Last thing to show is that for some \(\varepsilon \in (0,\frac{1}{2})\) we have \(f(\varepsilon ) >0\). To show it we write
$$\begin{aligned} \begin{aligned} f'(0)&= \frac{\alpha ^{q-1} (2 \alpha (q-2)-q)}{q-1}\\&\quad +\frac{(4 \alpha -2 \alpha q+q-4) (1-\alpha )^{q-1}+2^{3-q}}{q-1} =: g(\alpha ). \end{aligned} \end{aligned}$$
(21)
Now we note that \(g(\alpha )\) is positive for \(\alpha \in (0,1) \setminus \left\{ \frac{1}{2} \right\} \) and \(q \in [0,2)\cup (3,\infty )\). This follows from convexity of g on these sets and the fact, that it has a minimum, \(g\left( \frac{1}{2}\right) = 0\). From this fact there exist \(\varepsilon >0\) such that \(f(\varepsilon )>0\).
The equalities in the case \(q=2,3\) follow from a direct inspection. \(\square \)

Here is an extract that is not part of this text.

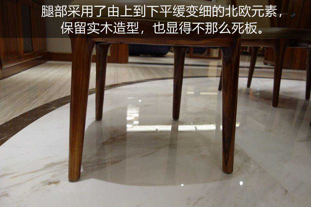 腿部舍弃了常规的四方四正的桌腿,采用了由上到下平缓变细的北欧设计元素。保留实木造型,也显得不那么死板。

Now we are ready to state and prove the main result of this work
Theorem 1
Let \(\rho _{AB}=|\psi _{AB}\rangle \langle \psi _{AB}|\), where \(|\psi _{AB}\rangle =\sqrt{\lambda }|00\rangle +\sqrt{1-\lambda }|11\rangle \). Let us choose two observables X and Y with eigenvectors \(|\phi _i\rangle = O(\theta )|i\rangle \) and \(|\psi _i\rangle = O(\theta +\epsilon )|i\rangle \), where \(O(\theta )\) is as in Eq. (11). Then, the Tsallis entropic conditional uncertainty relation is
$$\begin{aligned} T_q(X|B)+T_q(Y|B) \ge 2\frac{\lambda ^q+(1-\lambda )^q-2^{1-q}}{\lambda ^q+(1-\lambda )^q+q-2} (1-t_q(\lambda )) (1-c^2). \end{aligned}$$
(22)
Proof
Applying Proposition 1 to Eq. (14) we get
$$\begin{aligned} \begin{aligned}&T_q(X|B)+T_q(Y|B)\\&\quad \ge \frac{\lambda ^q+(1-\lambda )^q-2^{1-q}}{\lambda ^q+(1-\lambda )^q+q-2} (1-t_q(\lambda )) (\sin ^2(2\theta +2\epsilon )+\sin ^2 2\theta ) \end{aligned} \end{aligned}$$
(23)
The right-hand side achieves a unique minimum \(\theta =\pi /2-\varepsilon /2\) for \(\varepsilon \le \pi /4\) and \(\theta =\pi /4-\varepsilon /2\) for \(\varepsilon > \pi /4\). Inserting this value we recover Eq. (22). \(\square \)
Remark 1
In the limit \(q\rightarrow 1\) we get the following uncertainty relation for Shannon entropies
$$\begin{aligned} S(X|B)+S(Y|B) \ge 2(\log 2 - h(\lambda )) (1-c^2) = B_{KPP}. \end{aligned}$$
(24)
Remark 2
Using the concavity of the conditional von Neumann entropy, we may generalize bound (24) to mixed states \(\rho _{AB}\). We get
$$\begin{aligned} S(X|B) + S(Y|B) \ge 2(\log 2 - S(B))(1-c^2). \end{aligned}$$
(25)
In order to see it, we consider a system in a mixed state \(\rho _{AB}\) and its decomposition into pure states \(\rho _{AB} = \sum p_i \rho ^{(i)}_{AB}\). We will use a lower index which will indicate the state of the system. The post-measurement states \(\rho _{XB},\rho _{YB}\) are defined as in Eq. (5). Now we write
$$\begin{aligned} \begin{aligned}&S(X|B)_{\rho _{XB}} + S(Y|B)_{\rho _{YB}} \ge \sum _i p_i S(X|B)_{\rho ^{(i)}_{XB}} +\sum _i p_i S(X|B)_{\rho ^{(i)}_{YB}}\\&\quad \ge 2\log 2 (1-c^2) - 2(1-c^2) \sum _{i}p_i S(B)_{\rho ^{(i)}_B}\\&\quad \ge 2\log 2 (1-c^2) - 2(1-c^2) S(B)_{\rho _B}. \end{aligned} \end{aligned}$$
(26)
The first inequality above follows from the concavity of the conditional von Neumann entropy. The second one is the usage of (24), while the third one follows from the concavity of the von Neumann entropy.
Remark 3
The state-dependent entropic uncertainty relation for \(q\rightarrow 1\) reads
$$\begin{aligned} \begin{aligned} S(X|B) + S(Y|B)&\ge 2(\log 2 - h(\lambda ))(\sin ^2(2\theta + 2\varepsilon )+\sin ^2 2\theta ) \\&= B(\theta ). \end{aligned} \end{aligned}$$
(27)
A comparison with the known entropic uncertainty relations for \(\lambda =0\) and \(q\rightarrow 1\) is shown in Fig. 2. As can be seen, our result gives a tighter bound than the one obtained by Massen and Uffink for all values of \(\varepsilon \). The bound is also tighter than \(B_{Maj2}\) when \(\varepsilon \) is in the neighborhood of \(\pi /4\).
A comparison of exact value (15), state-dependent lower bound (27) and \(B_{BCCRR}\) for different parameters \(\lambda \), \(\theta \) and \(\epsilon \) is presented in Figs. 3 and 4.